Hacker News new | ask | show | jobs
by Xk 5449 days ago
Alright; I'm confused.

First they say that they "generate around 1 petabyte of data per second"

Then they say "ATLAS produces up to 320M bytes per second, followed by CMS with 220M Bps. The data from ALICE amounts to 100M Bps and LHCb produces 50M Bps." only that sums up to 690M Bps ... definitely not 1 petabyte per second. (That is, assuming that 1M Bps means 1 million bytes per second, or just under 1 megabytes per second.)

And then, later on, they talk about a different mode in which "more data is produced by the four experiments, about 1.25G Bps in total." which is still not 1 petabyte per second.

What's going on?

3 comments

I used to be the sysadmin for a high energy physics lab as we prepared for the ATLAS experiment to come online. (It was a long wait, following helium explosions and such.) The reason you see so many different numbers is that they cannot possibly record the full flow of information. CERN has a very large buffer that the collision sensor data is fed into initially, which is analyzed in realtime to determine which chunks of data are likely to contain significant information. Those chunks are kept, and the rest are discarded. This bothered a lot of people, since they are probably throwing away interesting scientific data, but they are limited by current storage technology.

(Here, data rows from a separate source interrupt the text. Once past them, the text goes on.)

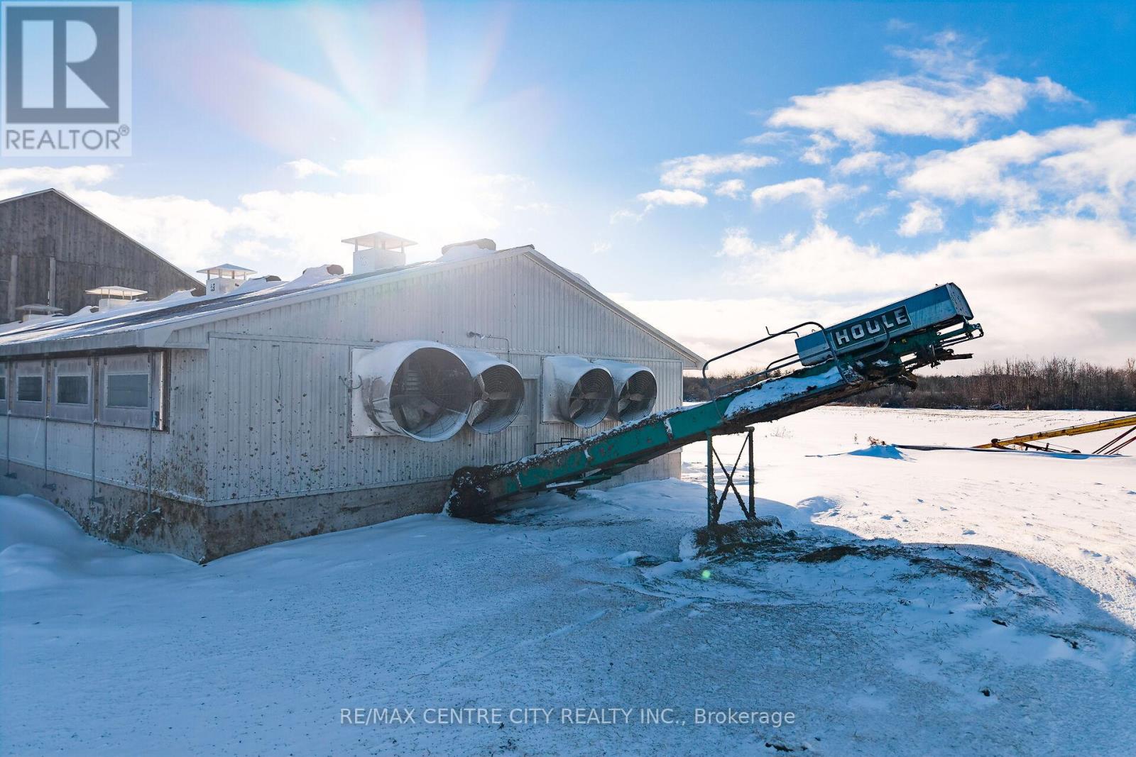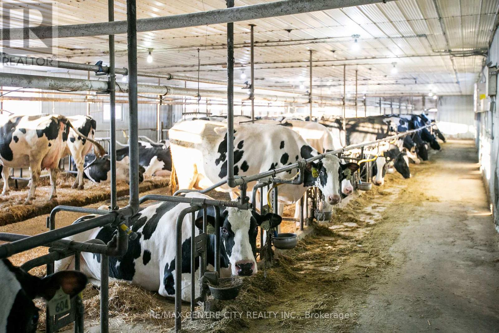 Welcome to Grey County & near Georgian Bay, where this property comprises 137 acres, with 70 acres currently in production. The dairy operation includes 79.68 KG of saleable quota and a robust herd management system, with young stock raised offsite. Facilities feature a 66-tie stall barn, a 4,900-litre milk tank, six Boumatic Companion auto takeoff milkers, and comprehensive manure storage solutions. Feeding infrastructure includes a stationary Val Metal mixer and three silos, the newest built in 2017. Calves are housed on-site until six months of age before relocation. Outbuildings include a newly constructed 60' x 100' shed (2022) with insulated space and in-floor heating ready for hook up, and an older 28' x 40' shed for bale storage. The residence offers five bedrooms, 1.5 baths, a half-finished basement, and a significant 2017 addition with modern amenities and a two-car garage. Additional rental land totaling 107 workable acres is available from neighboring farms. This property presents an exceptional opportunity for producers seeking a well-established, productive dairy operation with quality infrastructure and expansion potential in a desirable location. (id:64974)
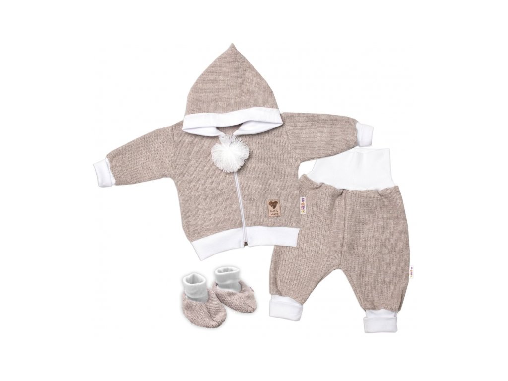 3-dílná souprava Hand made, pletený kabátek, kalhoty a botičky, béžová
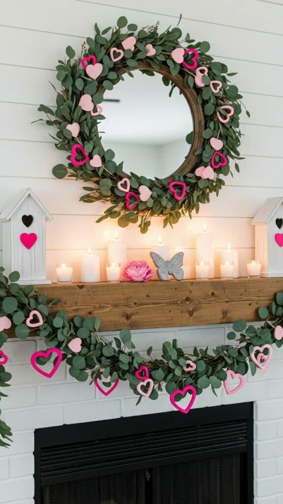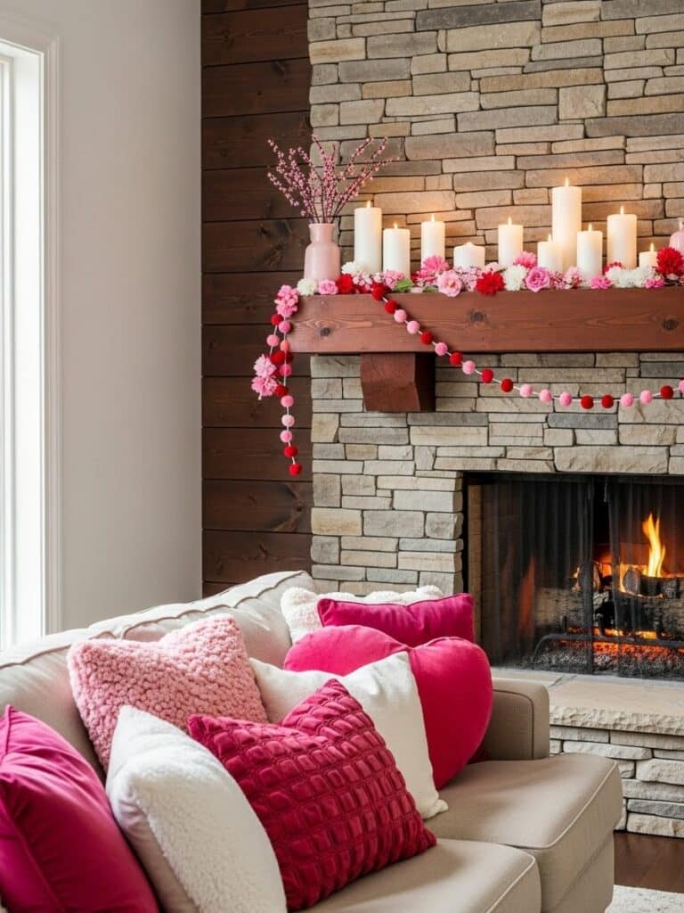 Layer a seasonal mantel display with a Felt Ball Garland (Pink/White) or lush greenery. Mixing textures here creates a cozy and inviting visual anchor for the living room.
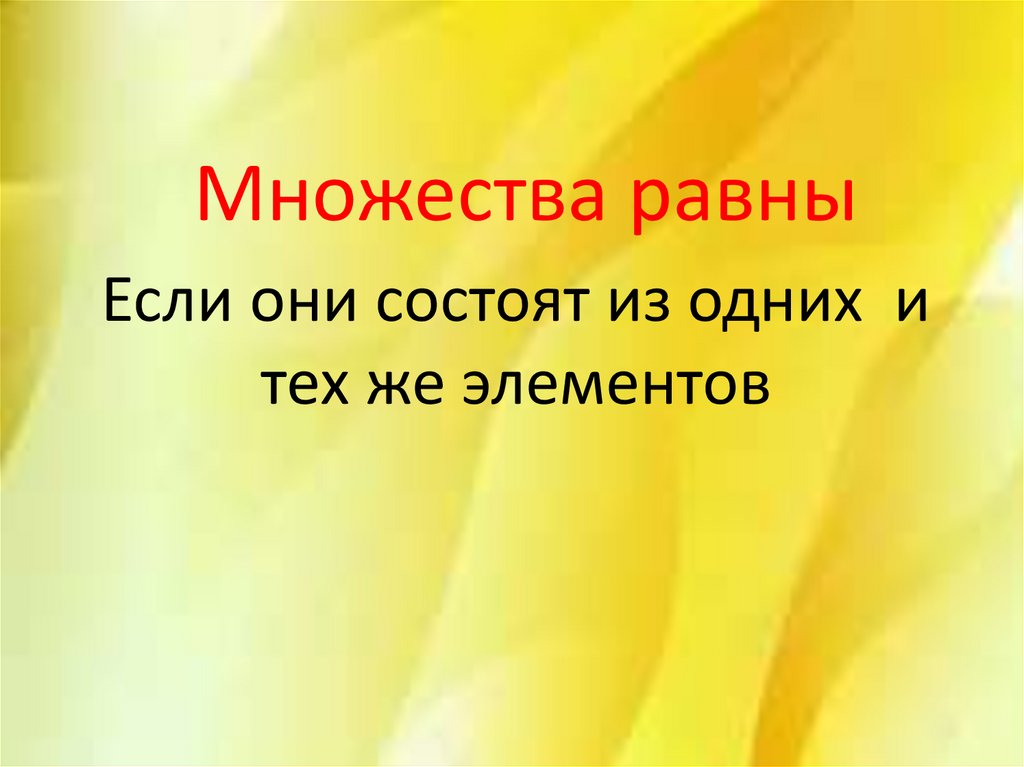 Множества равныЕсли они состоят из одних и
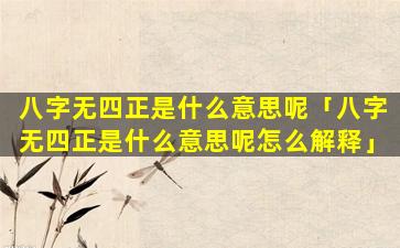 "八"字无四正是指 🌾 八字中不包含天 🐱 干地支的四正。
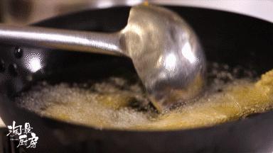 等油温高了,再炸一次。,把排条的内部完全炸熟。
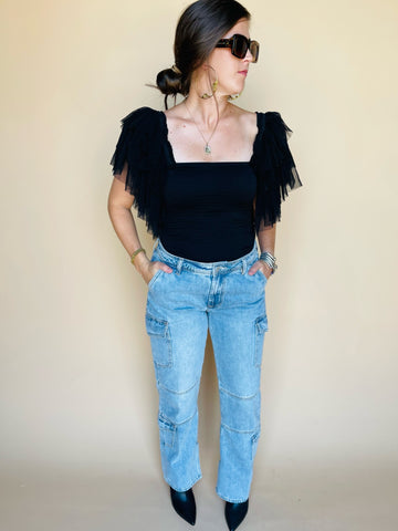 High rise cargo straight jeans. It's the pragmatic fit that sits at natural waist and fitted slender from the hip to mid thigh. Full inseam on rigi...
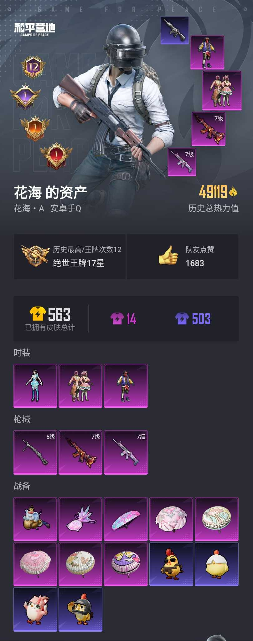【和平精英】【lyhp19321】3粉装3特效呛 草莓生巧 满级m4风花血月 满级死噶梦幻火箭 3粉装,3特效呛,0载具,历史最高段位:绝世王牌17星 王牌印记12次 热力值:49119,120套装,148呛械,178装备,94战备;套装:套装-草莓生巧,套装-天禅智恒,角色-异瞳寒姬,套装-红色运动,套装-黑色伏地魔,套装-骑行爱好者,套装-竞技名士,套装-猛禽,套装-长空猛禽,套装-竞技勇士朋克,套装-黎明保卫者,套装-蓝色守护者,套装-特战装甲,套装-青春校园,套装-甜蜜告白,套装-春日漫步,套装-龙腾端午,套装-滨海假日,套装-决胜时刻,套装-s6赛事,套装-ss1特训,套装-丛林猎人,套装-雪山精英,套装-酷潮明星,套装-传奇侦探,套装-幻世战舞者,套装-装甲骑士,套装-甜蜜熊情侣,套装-缤纷果语,套装-冰川特警,套装-格斗先锋,套装-太极红客,套装-麻辣教官,套装-粉红小猪,套装-疯狂小兔子,套装-ss5特训,套装-圣诞大吉,套装-北国孤狼,套装-ss6特训,套装-拳皇97草薙京,套装-炽焰拳师,套装-格斗专家,套装-奇迹天团,套装-淡雅花蕊,套装-玲珑飞花,套装-跃动心情,套装-ss7特训,套装-黑色刀锋,套装-核芯基因,套装-精神漫游,套装-银河圣歌,套装-霓虹街区,套装-暗夜契约,套装-纯白誓言,套装-赛博空间,套装-ss8特训,套装-白熊同盟,套装-摇滚狂鲨,套装-夏日音浪,套装-ss9特训,套装-神秘舞者,套装-丝绸行者,套装-探宝勇士,套装-牛气满满,套装-ss11特训,套装-朱雀圣者,套装-战术大师,套装-ss12特训,套装-牛气冲天,套装-ss18特训,套装-耀粉歌者,套装-ss13特训,套装-ss16特训,套装-暗夜傀儡,角色-英勇保护者,套装-ss17特训,套装-醒狮腾龙,套装-瑞龙福将,套装-团圆交子,套装-福星高照,套装-雪兔飞飞,套装-虎虎生威吉莉,套装-异彩先驱,套装-霓虹极客,套装-空投萌叽,套装-ss19特训,套装-飞驰魅影,套装-音速流光,套装-ss20特训,套装-甜心亚梦,套装-虚音幻奏,套装-ss21特训,套装-萌趣咩咩,套装-娇憨猪猪,套装-酸甜橘柚,套装-玉兔迎春,套装-ss22特训,套装-和煦暖阳,套装-田园牧歌,套装-轻风白浪,套装-光之冒险,套装-绯格组合,套装-ss23特训,套装-柠萌假日,套装-ss24特训,套装-荧惑魅影,套装-龟仙人,套装-ss25特训,套装-ss26特训,套装-空岛之星,套装-海盐绵绵冰,角色-紫俏灵猫,套装-ss31特训,套装-ss33特训,套装-ss32特训,套装-炫彩糖果,套装-ss34特训,套装-ss35特训,套装-ss36特训,套装-萌鸡速递;呛皮:7级m416-风花雪月,m416-蓝色火焰,m416-仓鼠灰灰,m416-糯团青竹,m416-乌木金纹,akm-生命誓言,akm-破晓战魂,akm-春暖花开,akm-霓虹街区,akm-彩虹符号,akm-虎虎生威,ac-val-甜心亚梦,ac-val-乌木金纹,ac-val-天降萌叽,7级scar-l-梦幻火箭,scar-l-炫彩节奏,scar-l-彩虹符号,scar-l-玉兔迎春,m762-折纸暴龙,m762-拳皇97,m762-牛气冲天,m762-瑞龙福将,m762-彩虹符号,m762-天降萌叽,蜜獾-娇憨猪猪,蜜獾-垂柳戏鸭,蜜獾-天降萌叽,g36c-金风玉露,g36c-乌木金纹,m16a4-蓝色火焰,m16a4-红色方程式,m16a4-甜心亚梦,m16a4-幻世战舞者,groza-黑色刀锋,groza-异彩先驱,groza-恐龙拽拽,groza-田园牧歌,groza-乌木金纹,aug-耀粉歌者,aug-青春冒险家,aug-天降萌叽,aug-冰晶雪宝,aug-乌木金纹,mk47-百万伏特,mk47-乌木金纹,famas-霓彩脉冲,famas-乌木金纹,q-银河战甲,q-彩虹符号,q-飞驰魅影,q-乌木金纹,awm-乌木金纹,kar98k-梦幻火箭,kar98k-飞驰魅影,kar98k-乌木金纹,m200-乌木金纹,m24-炫彩节奏,m24-乌木金纹,svd-霓彩脉冲,win94-瑞龙福将,win94-乌木金纹,莫辛纳甘-乌木金纹,amr-乌木金纹,slr-娇憨猪猪,slr-彩虹符号,mini14-银河战甲,mini14-金鼠迎春,mini14-春暖花开,mini14-梦幻火箭,mini14-炫彩节奏,mini14-海渊国主,mini14-异彩先驱,mini14-旋转彩虹,sks-夜灯,sks-炫彩节奏,sks-乌木金纹,mk14-治愈之星,mk14-乌木金纹,mk14-薄荷星砂,vss-黑色刀锋,vss-田园牧歌,mk12-乌木金纹,野牛-乌木金纹,ump45-夜灯,ump45-生命誓言,ump45-春暖花开,uzi-生命誓言,uzi-炫彩节奏,uzi-娇憨猪猪,uzi-炫彩糖果,vect-生命誓言,vect-黑色刀锋,vect-暗夜玫瑰,vect-田园牧歌,vect-乌木金纹,p90-飞驰魅影,p90-闪光银龙,p90-乌木金纹,汤姆逊-炫彩节奏,汤姆逊-异彩先驱,汤姆逊-天降萌叽,汤姆逊-乌木金纹,mp5k-异彩先驱,mp5k-乌木金纹,aks-74u-乌木金纹,s12k-华贵君王,s12k-瑞龙福将,s12k-娇憨猪猪,s12k-垂柳戏鸭,s12k-幻世战舞者,s12k-霓彩脉冲,s12k-乌木金纹,dbs-甜心亚梦,dbs-圣堂之誓,dbs-乌木金纹,s686-魔法学院,s686-彩虹符号,s686-乌木金纹,spas-12-田园牧歌,s1897-春暖花开,s1897-炫彩节奏,s1897-飞驰魅影,s1897-暗夜鎏金,mg3-瑞龙福将,mg3-幻世战舞者,mg3-乌木金纹,mg3-暗夜行者,m249-拳皇97,m249-四圣焕新,m249-糯团青竹,5级dp-28-豹影疾电,dp-28-甜心亚梦,p92-拳皇97,信号呛-异瞳寒姬,平底锅-拳皇97,平底锅-黑色刀锋,平底锅-缤纷糖果,平底锅-瑞龙福将,平底锅-异彩先驱,平底锅-飞驰魅影,平底锅-甜心亚梦,平底锅-娇憨猪猪,平底锅-田园牧歌,平底锅-空岛之星,撬棍-传奇侦探,破片手留单-呆爆全场,破片手留单-拽到爆炸,铝热弹-炫彩糖果;降落伞:炫彩糖果飞行器,极意拳锋飞行器,粉色滑翔尾迹,光之冒险尾迹,狂鲨锋刃飞行器,鸡智如我飞行器; 详情看图
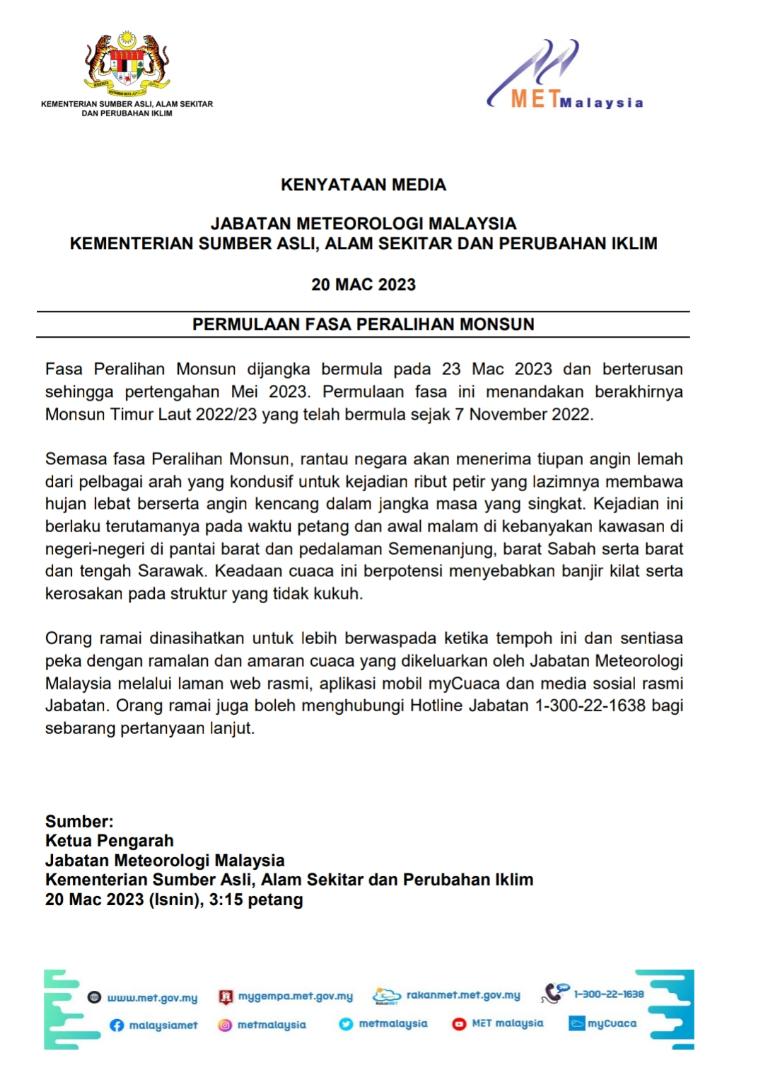 Jabatan Metereologi Malaysia (MET) pada 20 Mac 2023 lalu telah mengeluarkan kenyataan bahawa Fasa Peralihan Monsun ini akan membawa hujan lebat bersama angin kencang dalam tempoh singkat dan fenomena ini dijangka boleh berterusan sehingga pertengahan Mei 2023.
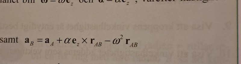 Därför att beräkningarna ledde till detta när jag använde accelerationssambandet. Jag fick termen som de fick med ex och sen med ey utan -gcosB. Alfaey×l/2ex blir ju 6Td/mley precis som de fått så jag förstår inte varför -gcosB ska komma med ? När det gäller a_gx fick jag med den termen.
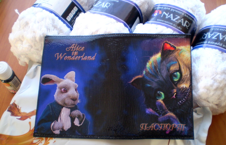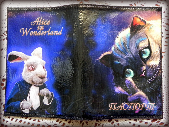 Наташенькая, как истиная феечка, исполнила мою давнюю хотелку: СУПЕР-ОБЛОЖЕЧКА на паспорт, с любимой мною темой Чеширского Кота)))
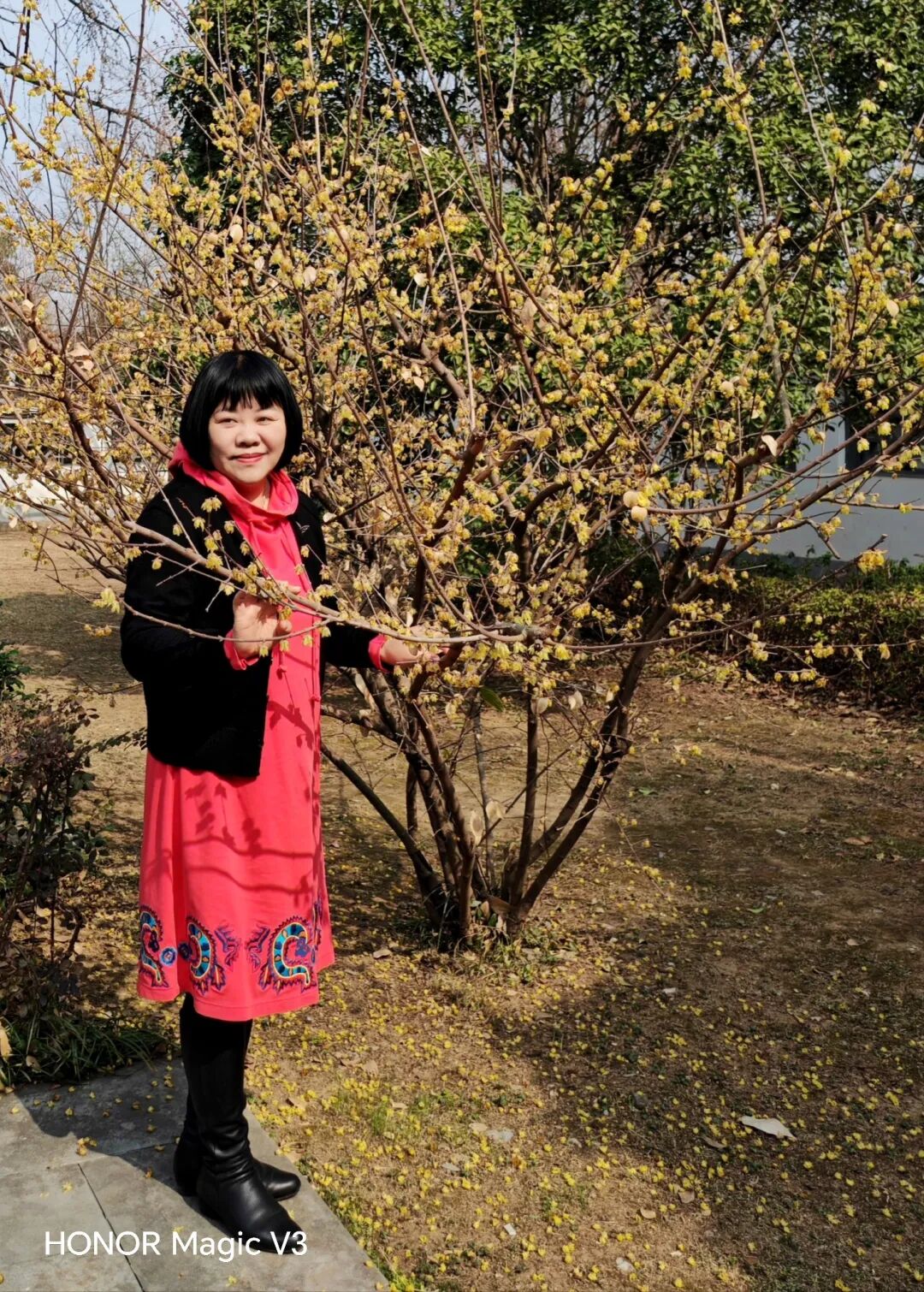 二月二神山寺千年玉兰花下众女诗友撒花瓣拍照

Further preliminary analysis is performed on the retained data, broadly categorizing the energy and other characteristics of the collision. That allows individual physics groups around the world to download only the data that is likely to pertain to their specific research, e.g. the Higgs boson, multiple dimensions, etc.

There was some talk of transferring data via Bittorrent or perhaps a custom protocol involving fountain codes. That never got off the ground. Instead, the Russians were working on a custom peer-to-peer system with a monolithic centralized set of indices, a system which is hopefully working better than it used to.

P.S. - Here's a hummingbird-speed video of building our prototype fileserver node for local physics analysis of ATLAS data [before I learned about electric screwdrivers]: http://www.youtube.com/watch?v=8y6MpPNqxmw

Millions of ADCs running constantly, doing math locally to determine if the signal is over a certain threshold, then higher level triggers, etc... it filters the data a lot.
I assume the smaller data rate is for after the data is filtered.